Все вроде бы в ажуре. Евтеев остается занозой, но не особенно и страшной. К тому же полной определенности нет, он еще и помереть может запросто, что никак не повергнет Смолина в горькие рыдания. Золотишко отдадут не сегодня-завтра. Татарин точно не жилец. Все вроде бы благополучно утряслось.
Самое смешное, что Смолин, прислушиваясь к себе, временами чувствовал некую смутную тоску и внутреннюю опустошенность. Он словно бы достиг вершины. Звездный час остался позади. Любой антиквар согласится, что стать обладателем сразу семи подлинных яиц Фаберже - это вершина, пик карьеры. Непонятно даже, что теперь нужно найти, чтобы превзойти это достижение. Куда двигаться дальше по служебной лестнице фельдмаршалу? Да некуда, просто никаких более старших чинов в воинских уставах не предусмотрено.
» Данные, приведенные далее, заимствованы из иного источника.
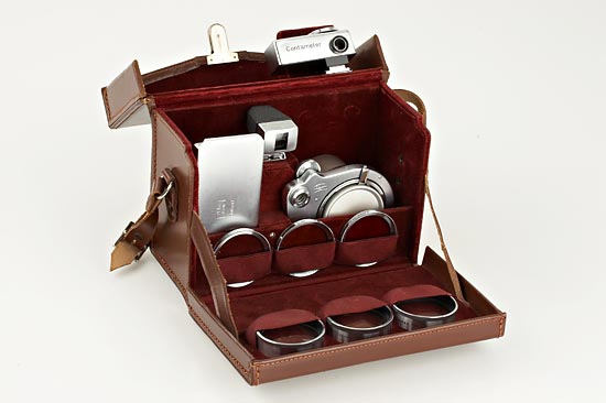 mint post-war Stereotar C with prism, lens, all cap, finder, Contameter, all 3 Proxar lenses, UV, yellow and red filter, in matching outfit case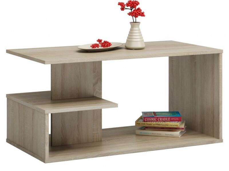 Toledo modern stílusú dohányzó asztal MATT sonoma színben. Ötletes kialakításának, változatos pakolóhelyeinek köszönhetően a nappali tökéletes kiegészítője lesz. 16 mm vastag laminált lapból készült, kiváló minőségű bútor. Tisztításához ne használjon erős vegyszereket, felületét puha ruhával törölje le!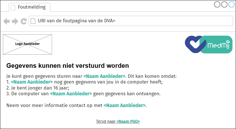 Je kunt geen gegevens sturen naar <Naam Aanbieder>. Dit kan komen omdat: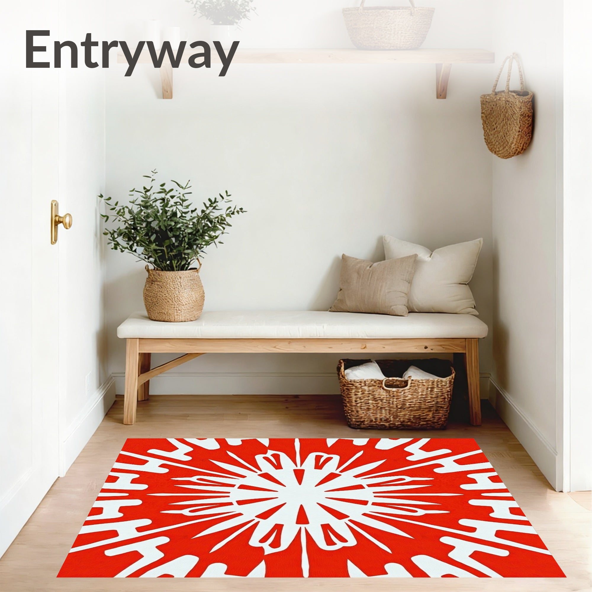 Ultra Soft Area Rug, Non Slip, Stain Resistant, Washable Area Rugs for Living Room, Bedroom, Retro Sunburst Check with Vintage Abstract Motifs(Red) Overview: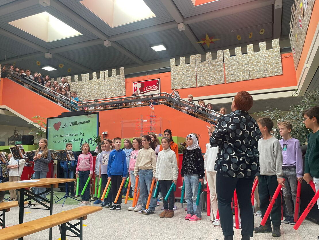 Die musikalische Grundschule Landau lud vergangenen Mittwoch zum musikalischen Tag ein. Die Bläserklasse und Ganztagsklassen begrüßten viele musikbegeisterte Lehrkräfte in der Aula. Die Musik-Fachberater aus ganz Niederbayern boten abwechslungsreiche Workshops an.

Что бы ни свершил, помрешь, один черт, тем же фельдмаршалом…
Правда, эти душевные терзания были не такими уж и сильными. Смолин не собирался тяготиться всерьез этакой лирикой - особенно теперь, когда перед владельцем яиц Фаберже, пусть даже и чистейшим перед законом, встают серьезнейшие жизненные проблемы, о каких прежде и не думал…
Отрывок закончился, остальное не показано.